The thing with Skylight, IMO, is that Sam Jones has taken what was so great about Skylight and then expanded it much further, making it kind of unnecessary to venture down to Ayden (although Bum's in Ayden is dang good, too). Skylight just has such a limited menu- which is totally fine, that's why they were so good!- but Sam Jones has taken the best parts of Skylight (the whole hog and the slaw) and then added all sorts of other great side options, too.
It’s a luxury having the Sam Jones location in Raleigh. I just wish they had put it in a different location.
 
It’s a luxury having the Sam Jones location in Raleigh.

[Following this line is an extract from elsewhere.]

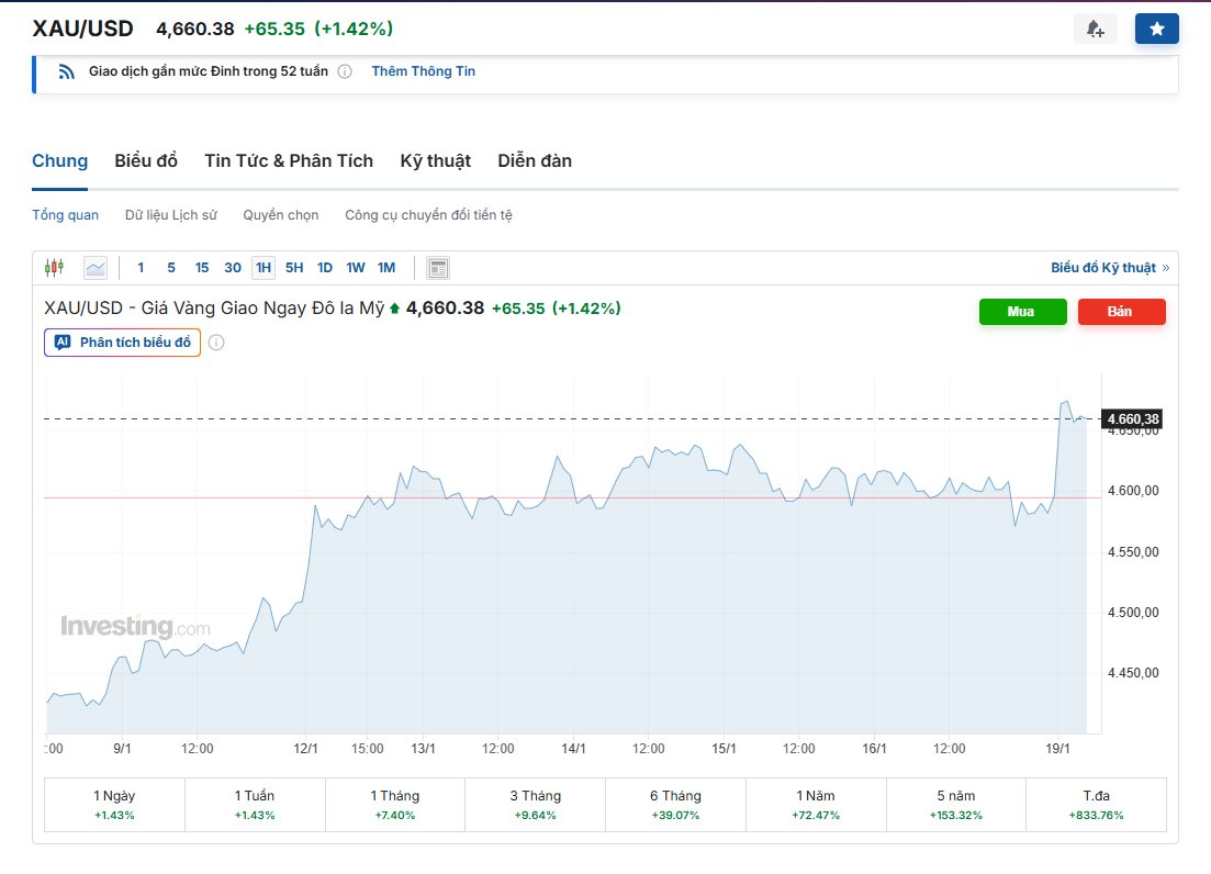 Mở đầu tuần giao dịch vào ngày 11/1/2026, giá vàng thế giới đứng ở mức khoảng 4.510 USD/ounce. Tuy nhiên, chỉ trong vòng 24 giờ sau đó, thị trường đã chứng kiến một cú nhảy vọt đáng kinh ngạc.

I just wish they had put it in a different location.
Amen. I was living in Cary at the time they opened the location in Raleigh in 2021 and I think I had a streak of something like 65 straight weeks of eating there before we moved to Birmingham in 2022. I'm only slightly obsessed! We're moving back to North Carolina in early summer and I may eat double my body weight in Eastern whole hog when I get back.
 
I'd like to go some time. Most of the time these days, I just do my own over charcoal or eat what my son brings back when he referees fencing tournaments. He's pretty good at stopping by Wilber's or Stephensons.
 
The boys at Redneck BBQ Lab in Smithfield (and now they have a location at North Hills) and at Long Leaf Swine in Raleigh do some good work, too, of y'all need a little variety in your lives.
 
BTW...I live much of the time in Asheville where I was pretty unsatisfied with BBQ. Luella's can be good brisket but that's not something that is truly North Carolina, and their hushpuppies are pretty good.

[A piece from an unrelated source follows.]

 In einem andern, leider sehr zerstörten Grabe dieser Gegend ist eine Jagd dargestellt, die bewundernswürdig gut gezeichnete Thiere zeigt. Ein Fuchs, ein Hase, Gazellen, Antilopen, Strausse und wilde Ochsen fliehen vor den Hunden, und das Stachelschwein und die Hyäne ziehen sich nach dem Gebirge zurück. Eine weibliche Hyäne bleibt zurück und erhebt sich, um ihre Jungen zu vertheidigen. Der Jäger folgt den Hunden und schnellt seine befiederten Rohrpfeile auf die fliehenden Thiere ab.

Then I moved to the Fairview area just south of Asheville -- close by a place called Smokey and the Pig on the Old Charlotte Highway. It is good and they keep about the right amount of skin in the mix. I usually eat it without any of their sauces. Their hushpuppies are savory not sweet at all, which I also prefer. The rest of their sides are simply passable. But I'm happy to have the place within 2 miles of where I live.
 
The boys at Redneck BBQ Lab in Smithfield (and now they have a location at North Hills) and at Long Leaf Swine in Raleigh do some good work, too, of y'all need a little variety in your lives.
I run (maybe too much) on the purist side. The barbecue I ate before I was 6-7 was cooked in a literal pit in the sand under the shed roof of a tobacco barn and all the spices we really had and used was salt, pepper, cider vinegar and red pepper. Still pretty much all I use.
 
Rule of thumb that I've learned as a barbecue fiend who seeks it out when I travel is that outside of a very, very, very select few places (I can think of maybe one or two, tops) I don't ever get brisket outside of Texas and I don't ever get whole hog outside of North Carolina.